America obsesses over unskilled immigrants who entered the country illegally. But there are more than half a million doctors, scientists, researchers, and engineers in the United States who entered legally on temporary work visas, and await permanent-resident visas, which are in extremely short supply. These workers can’t start companies, justify buying houses, or grow deep roots in their communities. Once they get in line for a visa, they can’t even accept a promotion or change jobs. They could be required to leave the United States immediately--without notice--if their employer lays them off. Rather than live in constant fear and stagnate in their careers, many are returning home. So are the students who dominate the science and engineering graduate programs in American universities.

In the future, the United States will have to work hard to attract the world’s best and brightest. But today, there are already many here who we need to stay, to start the next 52 percent of our tech companies. All we need do to encourage these immigrants is to expand the number of permanent-resident visas available for skilled workers. And we should give these visas to anyone who wants to come here to start a tech company or who graduates from an accredited U.S. university. This will give our economy a significant boost at no cost to taxpayers.

Tamar Jacoby

Most Americans understand that highly skilled immigrants are good for the economy. Less well understood, but equally important, are the economic contributions of lesser-skilled immigrants.

Long-term demographic and educational trends are changing the native-born workforce. U.S. families are having fewer children. Baby boomers are retiring. Perhaps most significant, Americans are increasingly educated. In 1960, half of the native-born men in the U.S. workforce had dropped out of high school and were doing unskilled work; today, the figure is less than 10 percent. Yet if anything, our need for unskilled labor is growing.
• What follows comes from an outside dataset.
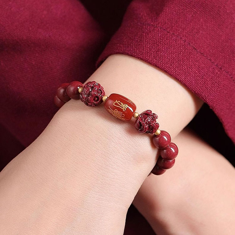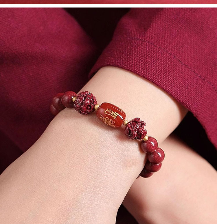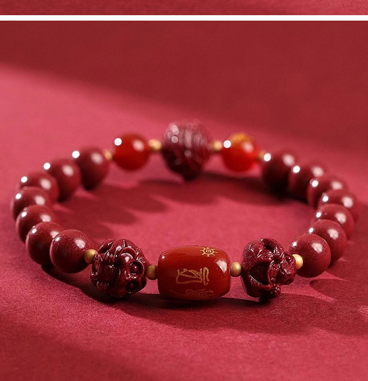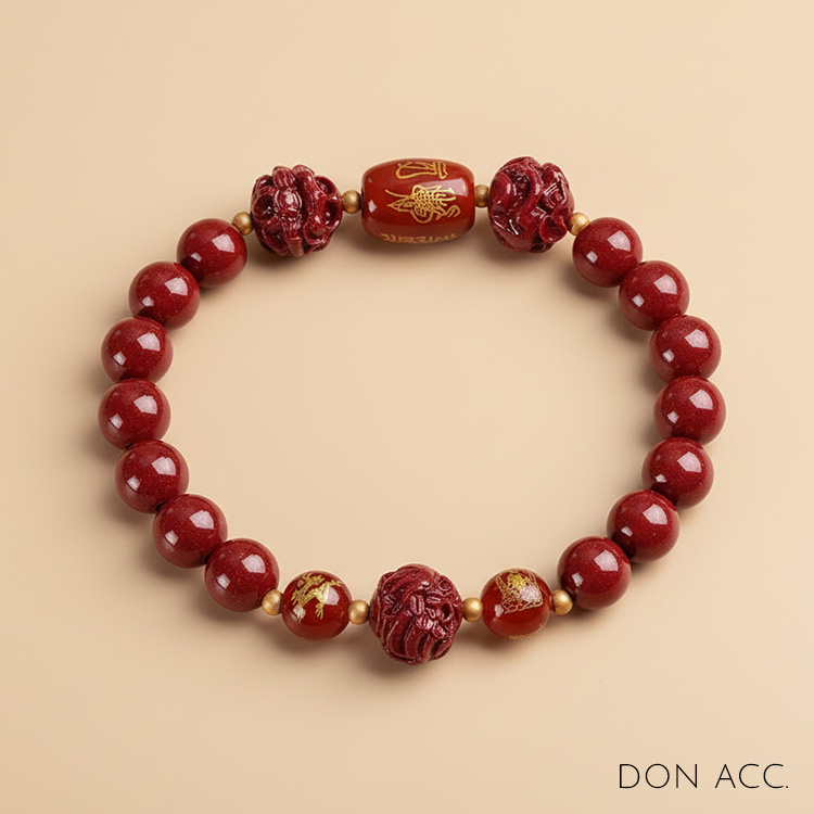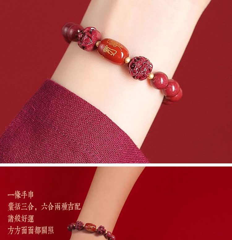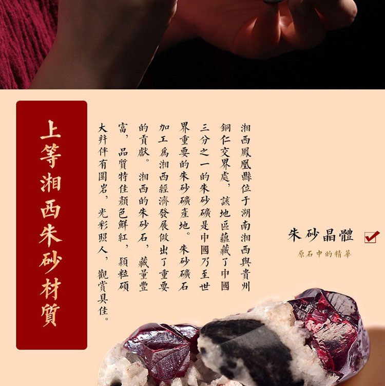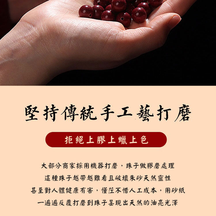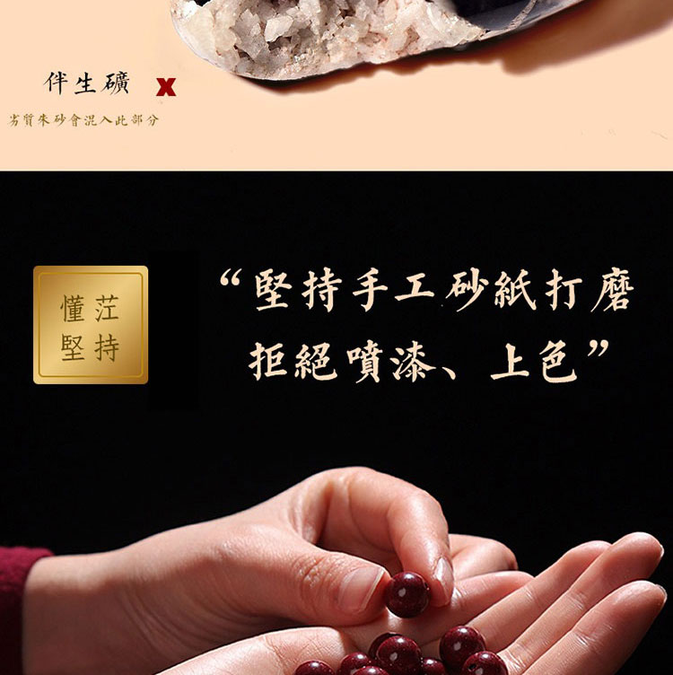 - 保養提醒: 硃砂材質請避免大量碰水、泡溫泉或接觸化學清潔劑,以保持其最佳狀態。

New technologies and foreign competitors have forced many industries to restructure in ways that increase their dependence on less skilled workers--meatpacking is the classic example. And Americans across the socioeconomic spectrum rely on a growing service sector: everything from fast-food restaurants to healthcare for the elderly. Even in the downturn, this gap between supply and demand is filled by immigrants. Immigration reform would boost U.S. economic performance by providing legal low-skilled workers to fuel the future growth of these sectors--workers we will need more and more as the economy recovers.

Immigration reform would boost U.S. economic performance by providing legal low-skilled workers to fuel the future growth of service sectors--workers we will need more and more as the economy recovers.

Reform would also boost productivity by legalizing unauthorized immigrants. Some economists argue that illegal immigrants are good for the economy, responsive to market conditions and quick to move to where the work is. But lack of legal status can also constrict workers’ prospects and productivity. Illegal workers are often trapped at the bottom of the job ladder, forced to relocate frequently and unable to move up to positions that match their improving skills. And indeed, studies show that the 1986 Immigration Reform and Control Act significantly increased immigrants’ earnings--by up to 20 percent--when their new legal status allowed them to graduate to better, more productive jobs.

Finally, and perhaps most significant, immigration reform would boost U.S. economic performance by improving the chances of the next generation. According to the Pew Hispanic Center (PDF), 8 percent of the children born in the United States each year have one or more unauthorized parents. This means they grow up in poverty, on the edges of society, in families discouraged from putting down roots and often afraid to meet with teachers and other authorities. These children are the workforce of tomorrow. As much if not more than high-end workers, they are the key to our global competitiveness. We need to do better by them--much better--for their sake and for ours.

Jonathan Bowles

It’s not surprising that hard-luck cities from Cleveland to Detroit are actively pursuing strategies to attract immigrants today. Immigrants are proven economic turnaround specialists and catalysts for growth. In community after community, they have replenished lost population, given local employers a capable workforce, and, perhaps most importantly, provided a critical entrepreneurial spark.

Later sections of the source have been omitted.